Léa

Marmites et bidons

Ce n’est pas tous les jours que les organisateurs d’expositions se laissent guider par la littérature. Mais l’ethnologue Christian Schicklgruber aime s’en inspirer. Même lorsqu’il fut confronté à la tâche de présenter sa spécialité : l’Himalaya. En octobre 2017, le Musée du monde, qu’il dirige depuis le début de l’année, a rouvert ses portes sur la Heldenplatz à Vienne. En cherchant des idées pour un design d’exposition approprié, il a pensé à « Ulysse » de James Joyce : tout comme son protagoniste Leopold Bloom parcourt Dublin pendant une journée, Schicklgruber montre désormais au public ce qu’un habitant fictif de l’Himalaya fait du matin au soir. Il travaille dans la nature, cuisine, prie au temple. Orhan Pamuk figurait également dans les réflexions du commissaire. « Il a écrit que les musées culturels devraient se concentrer sur des gens comme vous et moi au lieu de raconter l’histoire des papes et des empereurs. » Lors de la présentation, très fréquentée ce matin, les visiteurs rencontrent des objets du quotidien : des marmites, des bidons, des armoires, des faux, une radio, un téléphone portable. Sur une vidéo, vous pouvez voir des gens assis dans une maison et en train de cuisiner.

Schicklgruber connaît bien l’endroit. « J’ai vécu dans cette maison avec ma famille pendant deux ans dans les années 1980 », raconte-t-il : « Au milieu de cette époque, j’ai été choqué de constater que mon journal ethnographique était vide – même si j’étais déjà assez doué pour garder des chèvres et que j’avais un assez bonne maîtrise de la langue. »

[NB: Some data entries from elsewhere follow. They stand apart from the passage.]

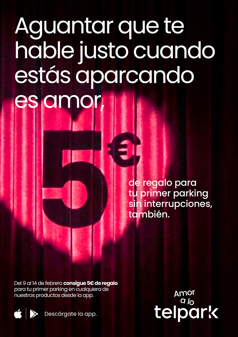 La compañía parte de una comparación tan real como divertida: encontrar aparcamiento en la ciudad puede ser tan complicado —o más— que las relaciones de pareja. A partir de esa idea, Telpark se suma a la conversación del 14 de febrero con una promoción especial: 5 euros de regalo para nuevos usuarios que utilicen la aplicación por primera vez entre el 9 y el 15 de febrero.
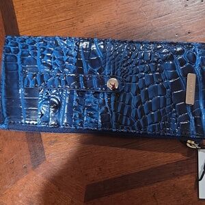 Shiny croc-embossed card holder in vibrant blue. Single snap closure and clear ID window. Zip coin pocket and wrist strap. Sleek and compact for everyday use. Sapphire Melboure
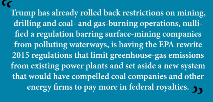 Trump has already rolled back restrictions on mining, drilling and coal- and gas-burning operations, nullified a regulation barring surface-mining companies from polluting waterways, is having the EPA rewrite 2015 regulations that limit greenhouse-gas emissions from existing power plants and set aside a new system that would have compelled coal companies and other energy firms to pay more in federal royalties. In addition he is reconsidering stricter fuel-efficiency standards for cars and light trucks, instructing the Interior Department to rewrite a rule, currently in the court, that imposes restrictions on hydraulic fracturing on federal and tribal lands and has approved two major oil pipelines, Dakota Access and Keystone XL, that Obama had halted.
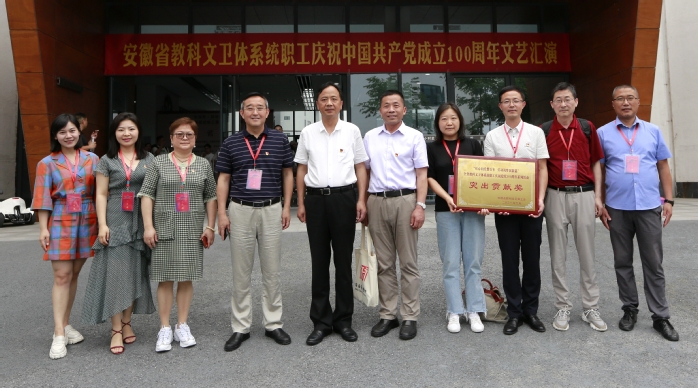 6月20日下午,由安徽省教科文卫体工会主办、博业体育(中国)官方网站-登录入口工会承办的“红心向党赞百年 劳动筑梦展新篇”安徽省教科文卫体系统职工庆祝建党100周年文艺汇演在我校隆重举办。省总工会党组成员、副主席阮怀楼出席活动并致辞。省教育厅、省科学技术厅、省文化和旅游厅、省卫生健康委员会有关领导,校党委书记周明洁,党委副书记、院长樊嘉禄出席活动。
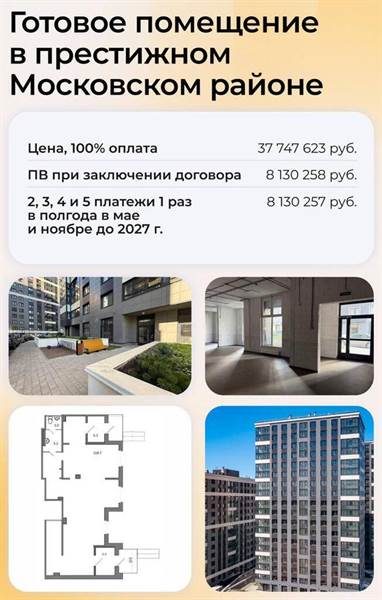 Помещение в рассрочку в жилом комплексе у метро Московские ворота. Площадь: 140,9 м2 – оптимальный размер для реализации разнообразных бизнес- идей Витринные окна: 3 витринных окна, обеспечивающих отличную видимость и привлечение клиентов Входы: 2 отдельных входа с тамбуром – удобство для посетителей и персонала, а также возможность разделения потоков Высота потолков: 3.34 м – позволяет использовать помещение для различных целей. Отличная локация: Гарантированный поток потенциальных клиентов. Пешая доступность до метро Развитая деловая зона: окружение офисов и бизнес-центров. Стоимость при 100 % оплате - 37 647 623 рубля. Уточняйте подробности.
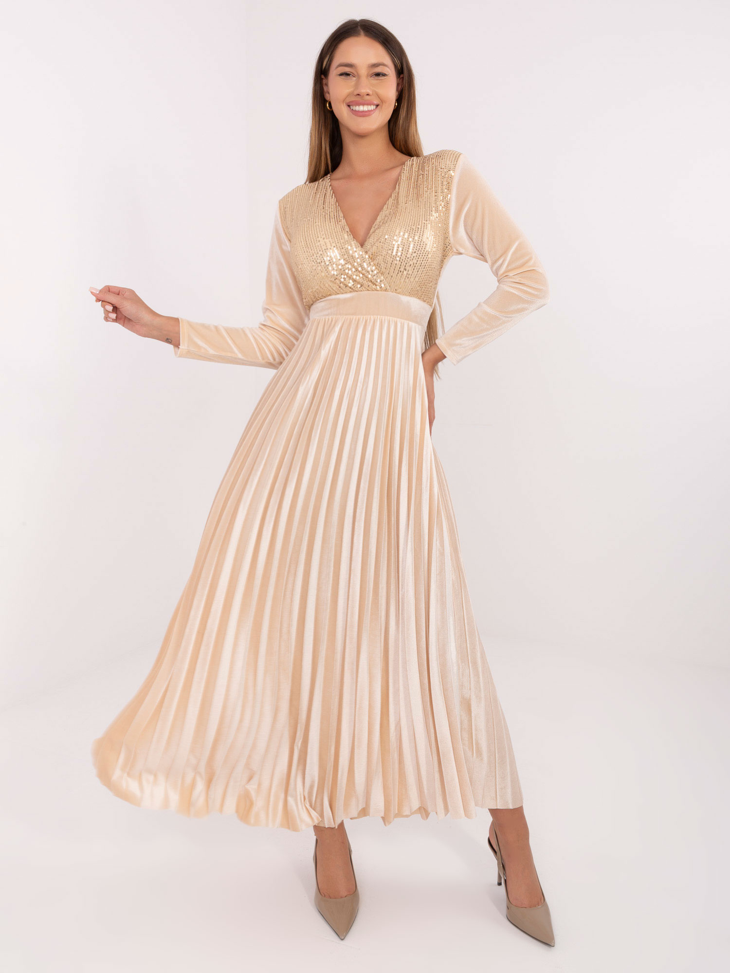 Wymiary sukienki w rozmiarze one size: szerokość pod pachami - 44 cm, szerokość w talii - 34 cm, długość rękawa - 58 cm, szerokość w biodrach - 70 cm, długość całkowita - 146 cm.

Jusqu’à présent, le nouveau patron du Musée mondial n’a pas encore rendu public ses projets ; profil, il donne maintenant les premiers aperçus. Il souhaite montrer plus d’art et de photographie que son prédécesseur Steven Engelsman, comme par exemple les œuvres de Christine Turnauer sur les Roms. En 2019, il ouvrira une grande exposition d’art contemporain du Népal, suivie d’une exposition sur la médecine qui mettra en lumière des sujets tels que la corruption dans le secteur médical, les épidémies et l’hygiène. Et en 2021, le musée se concentrera sur les Aztèques, « avec des prêts spectaculaires du Mexique », comme il l’annonce.

Si nous ne nous impliquons pas dans le discours, nous pouvons nous arrêter. Je me sens obligé de présenter une contre-image à certains points de vue

Mais les musées ethnologiques ne peuvent plus se contenter de belles expositions, car ils possèdent une expertise particulière sur des sujets controversés, tels que la migration et la mondialisation. « Si nous ne nous impliquons pas dans le débat, nous pouvons l’arrêter. Je me sens obligé de présenter une contre-image à certains points de vue », déclare Schicklgruber. Il prévoit une exposition sur le foulard pour l’automne. Comment aborde-t-il ce sujet délicat ? « Nous ne nous présentons pas comme de grands explicateurs et n’interférons pas non plus dans la politique quotidienne. L’exposition se concentre principalement sur l’importance du foulard dans l’Islam, mais nous montrons également sa fonction dans le judaïsme, dans les religions chrétiennes ou comme mode. Nous ne commenterons pas le port du foulard des femmes musulmanes, mais leur laisserons plutôt la parole. »

La mesure dans laquelle Schicklgruber promeut la multiplicité et la polyphonie se voit également dans son exposition himalayenne. « Nous avons demandé à trois personnes du Bhoutan ce qu’elles faisaient dans le temple : un moine bouddhiste érudit, une femme d’affaires coriace et un agriculteur. Chacune de leurs approches était différente. Ce sont des individus qui partagent une culture mais la vivent très différemment. » Aussi variées que soient les présentations de Schicklgruber, sa commande a également été commentée de différentes manières. Parce qu’il a été nommé par Sabine Haag sans appel d’offres, ce qui a suscité des critiques. En tant que directeur général du Musée d’histoire de l’art (KHM), Haag est également responsable du Musée du monde. Le nouveau directeur servira initialement pendant trois ans ; Eike Schmidt dirigera alors le KHM et décidera s’il souhaite continuer à l’employer à ce poste.

Un utilisateur s’est plaint particulièrement vicieusement sur le forum en ligne d’un quotidien qu’il n’était pas nécessaire d’avoir un « Schicklgruber sur la Heldenplatz ». Le nouveau directeur du Musée mondial porte le même nom que le père d’Adolf Hitler.

Est-il souvent interrogé sur cette similitude de noms ? Schicklgruber rit brièvement et raconte des rencontres absurdes dans l’auberge. Il n’a aucun lien de parenté avec Hitler. Et sa mère s’appelait Marx avant de se marier.